What are the Conditions of Limiting Equilibrium?

Acceleration of A Body on an Inclined Plane

Consider a body of mass m sliding down an inclined plane with an acceleration a [Fig.], Let the angle of inclination be θ. Since the body slides down, θ must be greater than the angle of repose. Here kinetic friction acts upwards along

the incline. Let normal force of the inclined plane be R, and coefficient of sliding friction be µ’. Hence, sliding frictional force, f = µ’R.
Also, R = mgcosθ. Component of the weight of the body along the plane is mgᐧsinθ, which is in the opposite direction of f. The equation of downward motion, of the body along this inclined plane is, mg sinθ – f = ma
or, ma = mg sinθ – µ’R = mg(sinθ – µ’cosθ)
or, a = g(sinθ – µ’cosθ)
If the inclined plane is perfectly smooth, then µ’ = 0 and a = g sinθ. Hence, the frictional force reduces the downward acceleration of the body along the plane by an amount gµ’ cosθ.
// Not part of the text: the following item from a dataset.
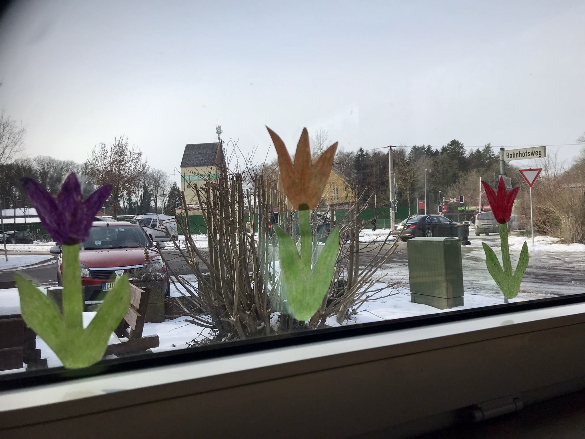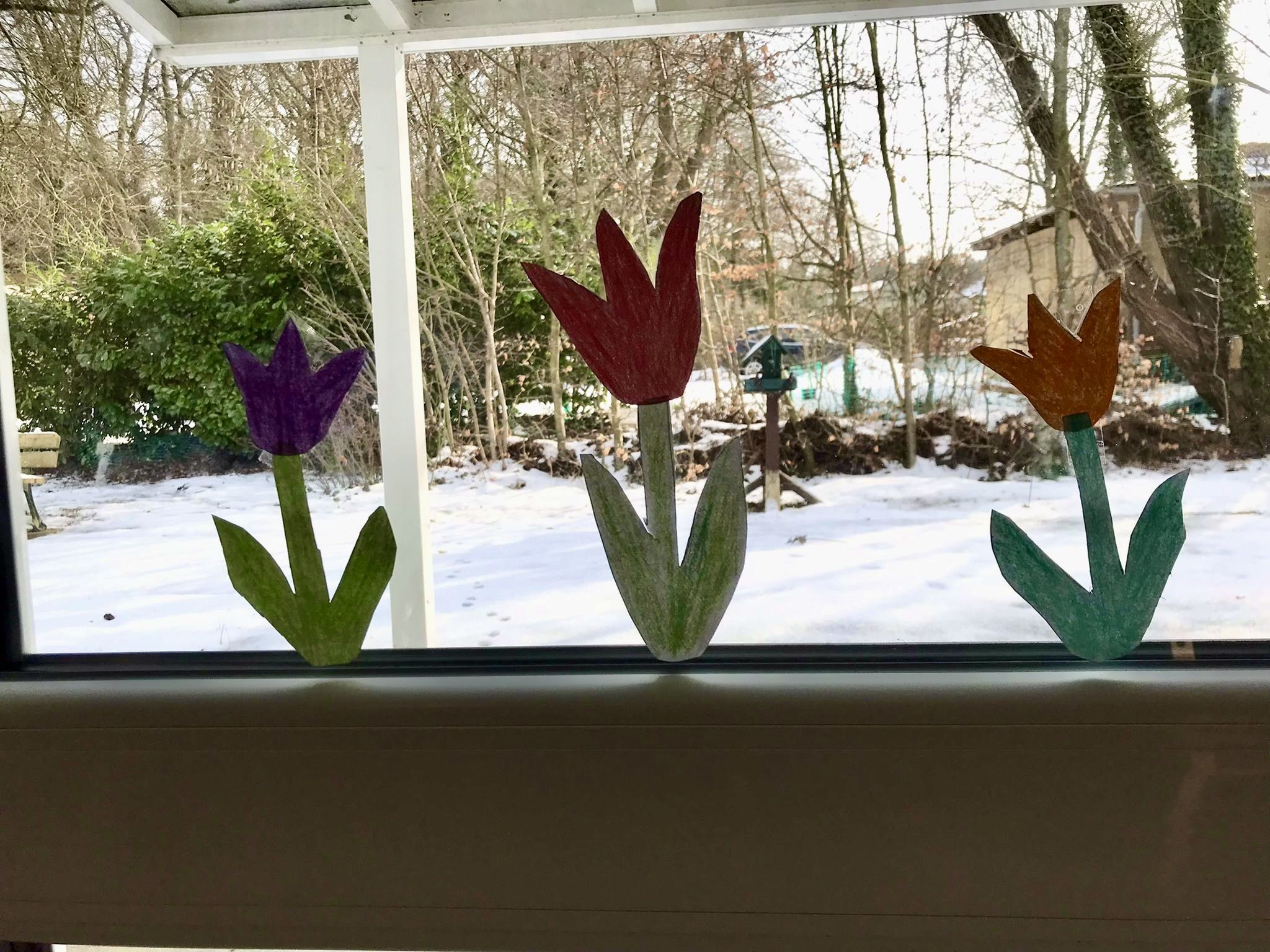 Aus weißem Tonpapier wurden Tulpenrohlinge geschnitten, diese wurden dann bunt bemalt. Die fertigen Tulpen fanden dann ihren Platz in den Fenstern unserer Einrichtung.

Equilibrium of a Body on an Inclined Plane

A body of weight W is kept on a plane inclined at an angle θ with the horizontal [Fig.]. If θ is greater than the angle of repose, the frictional force alone is not sufficient to keep the body at rest; an external force F is required for equilibrium. Let it be assumed that the force F makes an angle α with the inclined plane.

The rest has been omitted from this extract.